### What you are asked to do
Transcribe only the lines in the data below falling between the line with "Emanating a contemporary" and the line with "技术角度看,USDCAD市价", including those two lines, and leave out any picture.

### Entries provided
——

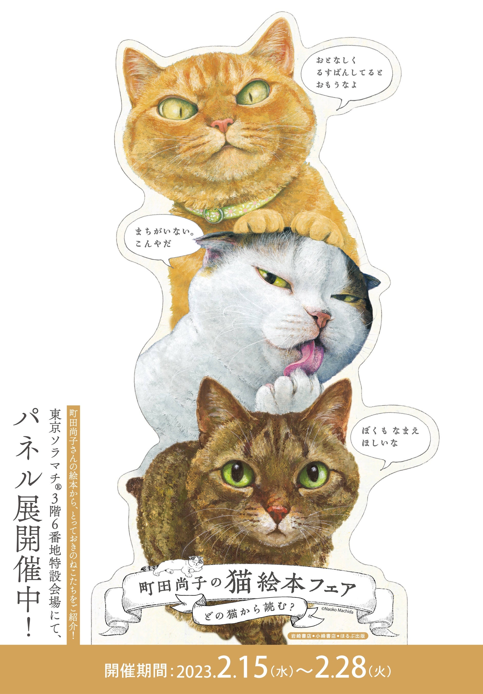 人気絵本作家町田尚子氏が描いた猫の絵本の原画(複製)パネルを展示。絵本の中に登場するとっておきのねこたちを紹介します。
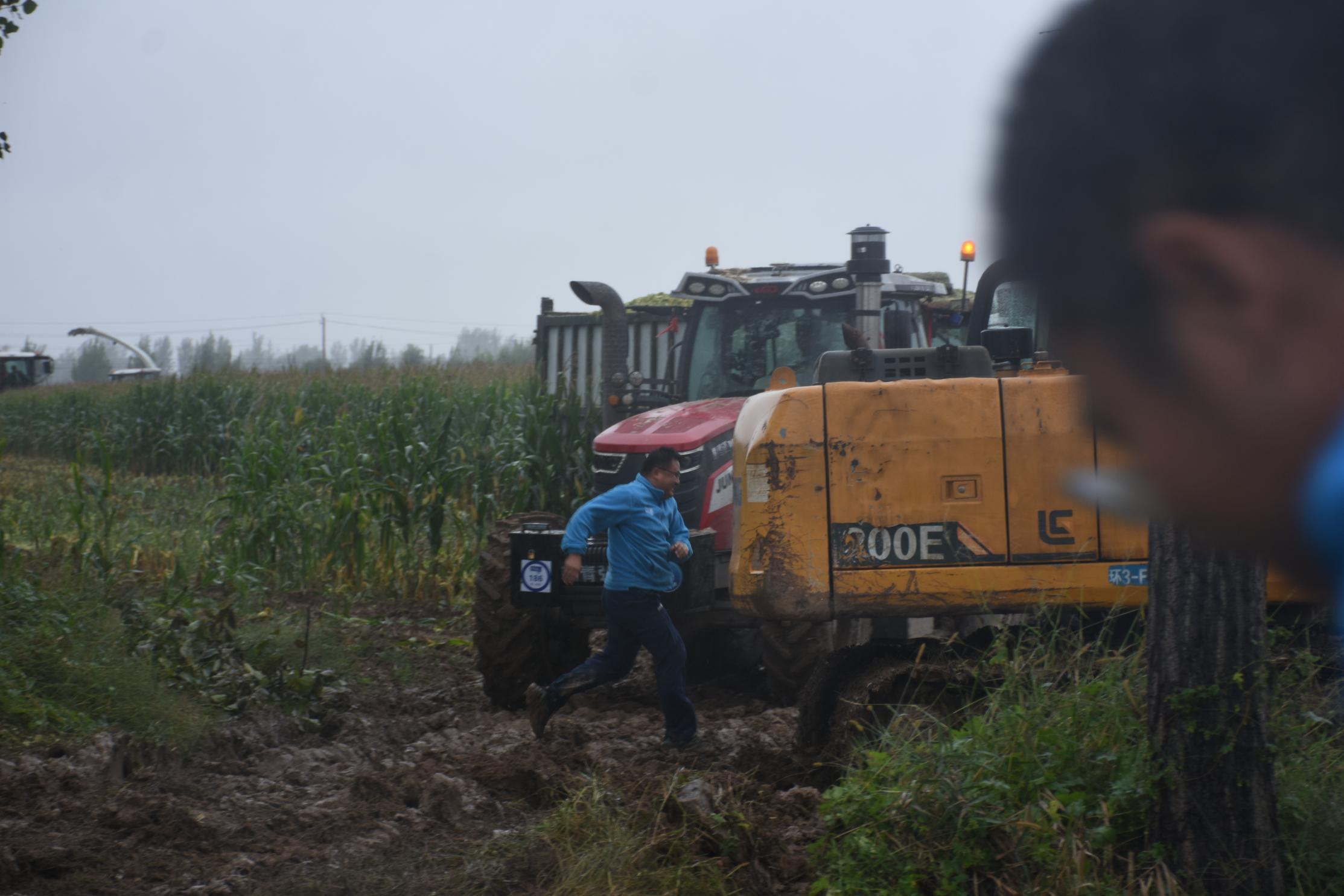 雨水打湿了他们的头发和衣襟,泥泞的土地常常让他们的裤脚沾满泥土,每一步都走得异常艰难。尽管工作强度大、条件艰苦,但团队士气高昂,通过多天的坚持,已将90%的青贮玉米抢收归仓。
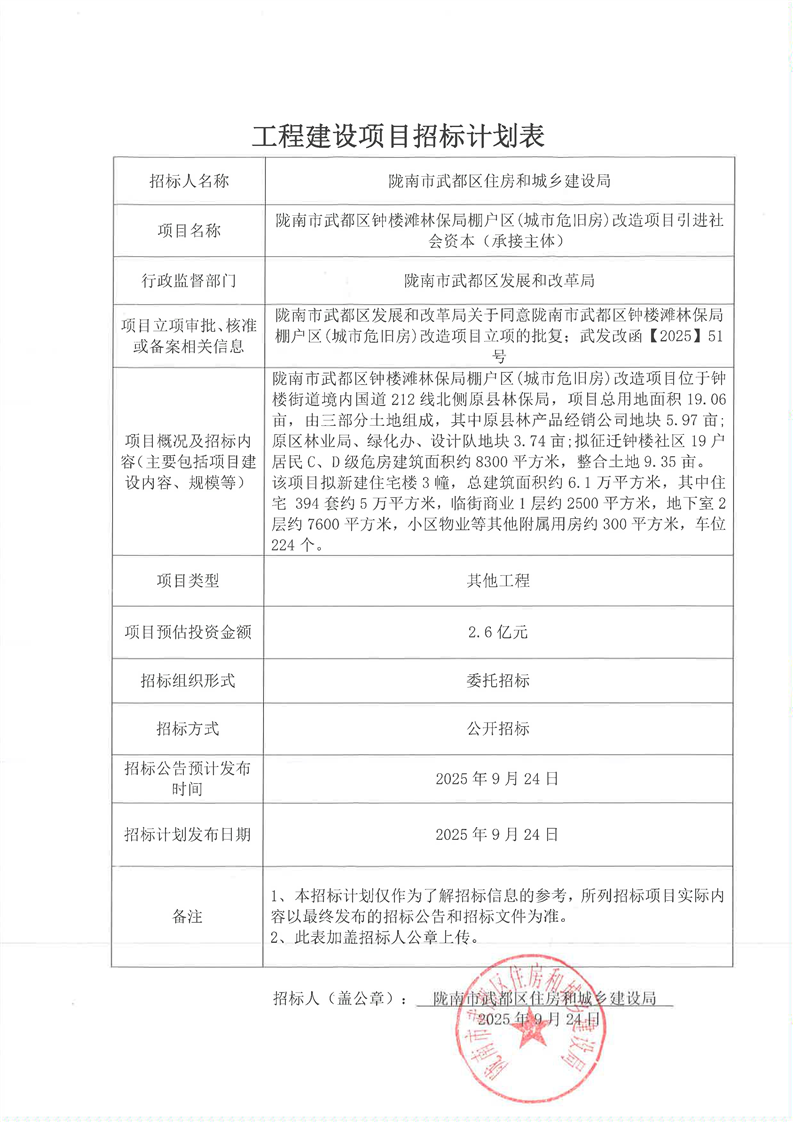 隴南市武都區(qū)鐘樓灘林保局棚戶區(qū)(城市危舊房)改造項目引進(jìn)社會資本(承接主體)
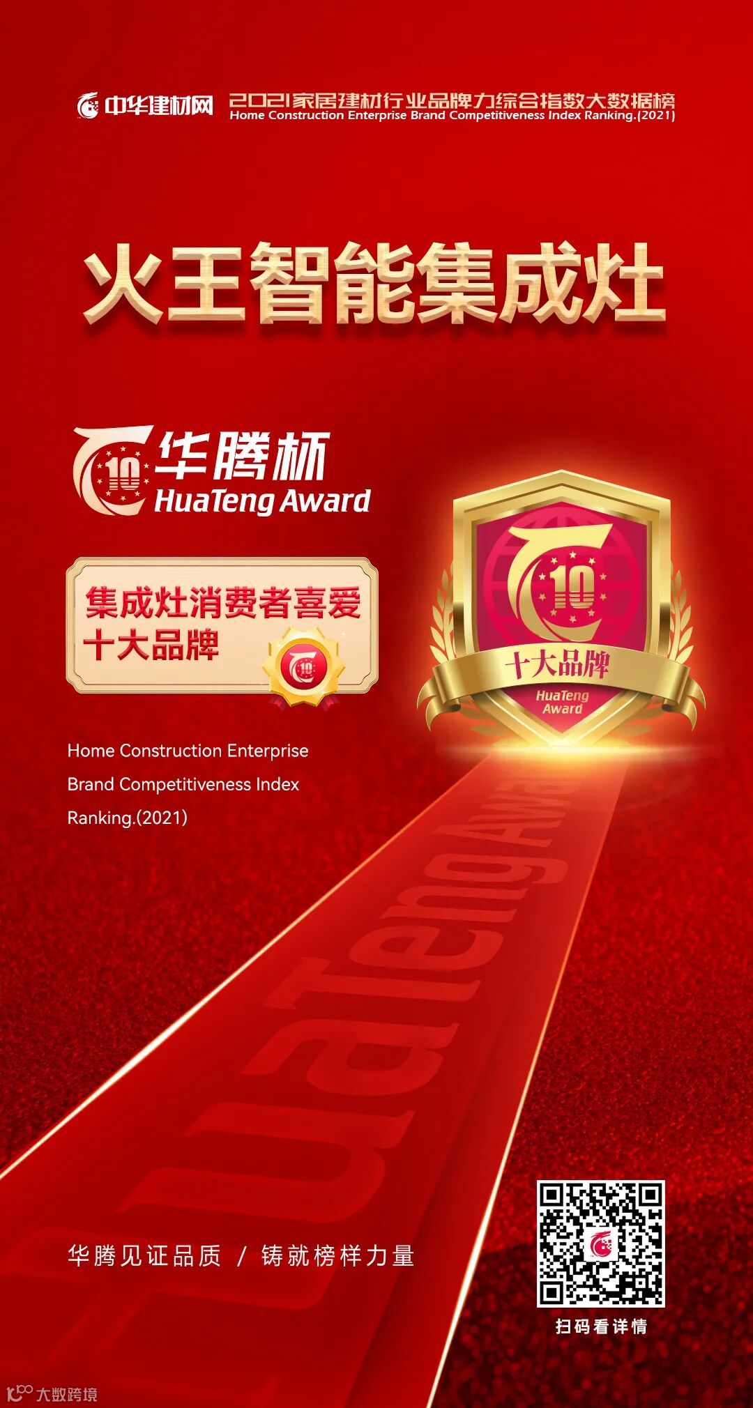 在此之前,火王已经将“中国集成灶行业十大品牌”、“中国厨电行业十大品牌”、“中国燃气灶行业十大品牌”等荣誉收入囊中,此次一举摘得“2021集成灶消费者喜爱十大品牌”荣誉可谓锦上添花。
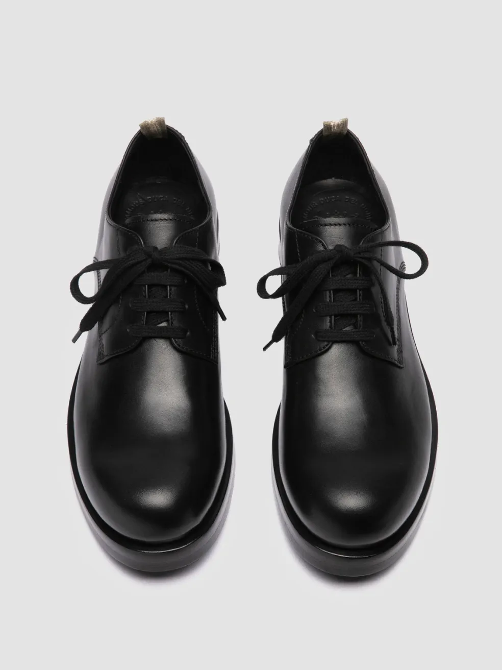 Emanating a contemporary yet gothic charm, the Bulla 001 derby shoes are expertly handcrafted in Italy from premium black leather, featuring a durable rubber-injected sole for enduring elegance and robust functionality.
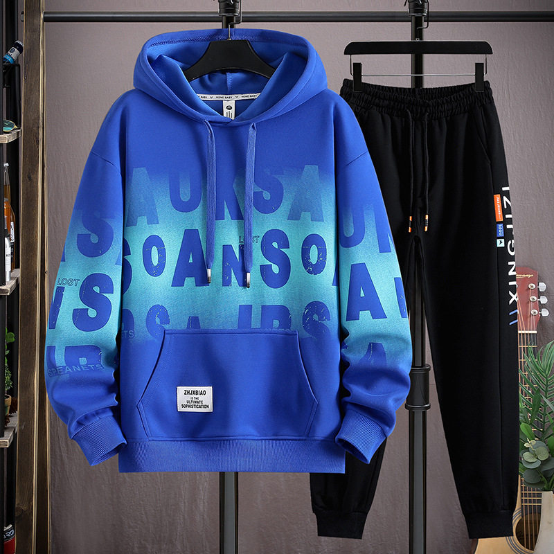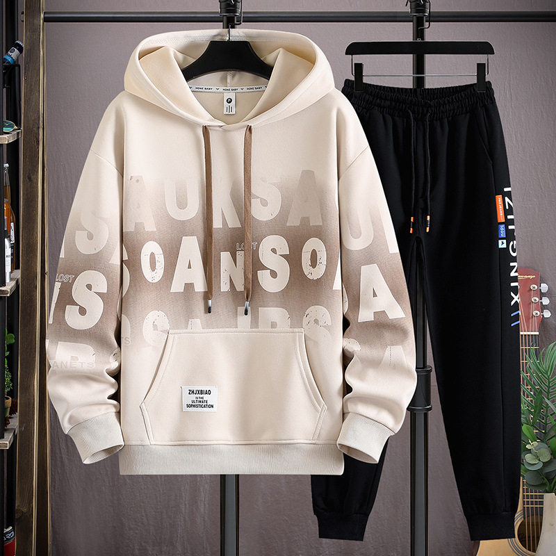 青少年秋冬季2026加厚卫衣套装男帅气潮流初高中学生时髦两件套男
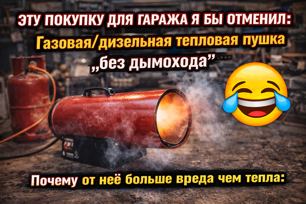 Первые 10 минут кайф: тепло пошло, руки ожили, жизнь наладилась. А потом началось: сырость на стенах, инструмент рыжеет, голова тяжёлая, в гараже запах “как на заправке”.
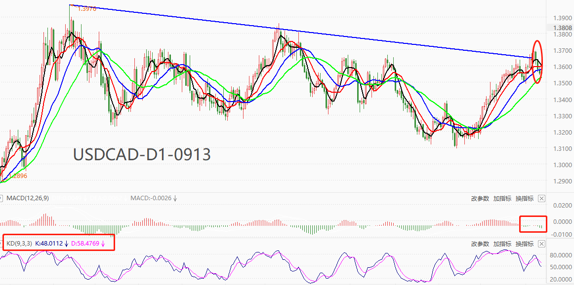技术角度看,USDCAD市价已经运行至长期下降阻力线附近,行情本身面临下行压力,高油价对汇率下跌起到了助推作用。K线尚未突破MA均线系统,目前仅能判断为回调,是否能够趋势反转仍需观察。MACD柱线在零轴之下,但绝对值偏低,空头趋势不显著。KD指标数值分别为48.36/58.2,没有触及超买/超卖的警戒线。综合来看,USDCAD面临较强的下行压力,未来可能跌破长期均线MA30。
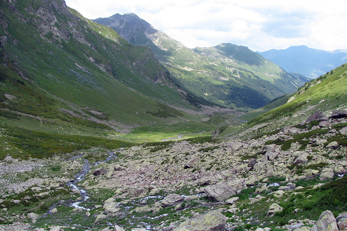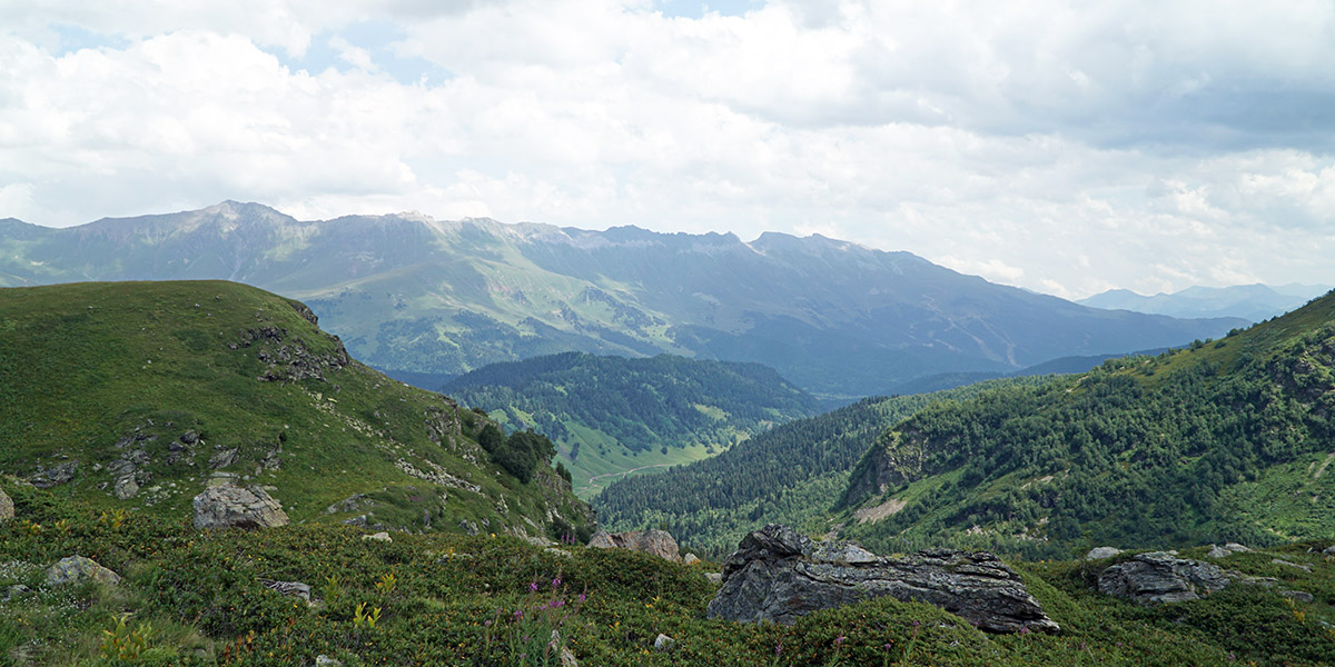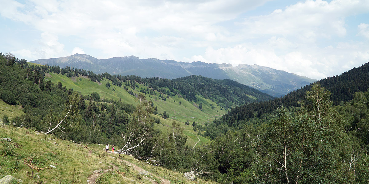 На развилке троп, уже почти на высоте озера Рыбки, уходим в сторону — по правой тропе. Чтобы сделать кадр с видом на долину Малой Дукки. На заднем плане виден хребет Абишира-Ахуба, седловина почти в центре — перевал Федосеева.

——

### Written response
 Emanating a contemporary yet gothic charm, the Bulla 001 derby shoes are expertly handcrafted in Italy from premium black leather, featuring a durable rubber-injected sole for enduring elegance and robust functionality.
 青少年秋冬季2026加厚卫衣套装男帅气潮流初高中学生时髦两件套男
 Первые 10 минут кайф: тепло пошло, руки ожили, жизнь наладилась. А потом началось: сырость на стенах, инструмент рыжеет, голова тяжёлая, в гараже запах “как на заправке”.
技术角度看,USDCAD市价已经运行至长期下降阻力线附近,行情本身面临下行压力,高油价对汇率下跌起到了助推作用。K线尚未突破MA均线系统,目前仅能判断为回调,是否能够趋势反转仍需观察。MACD柱线在零轴之下,但绝对值偏低,空头趋势不显著。KD指标数值分别为48.36/58.2,没有触及超买/超卖的警戒线。综合来看,USDCAD面临较强的下行压力,未来可能跌破长期均线MA30。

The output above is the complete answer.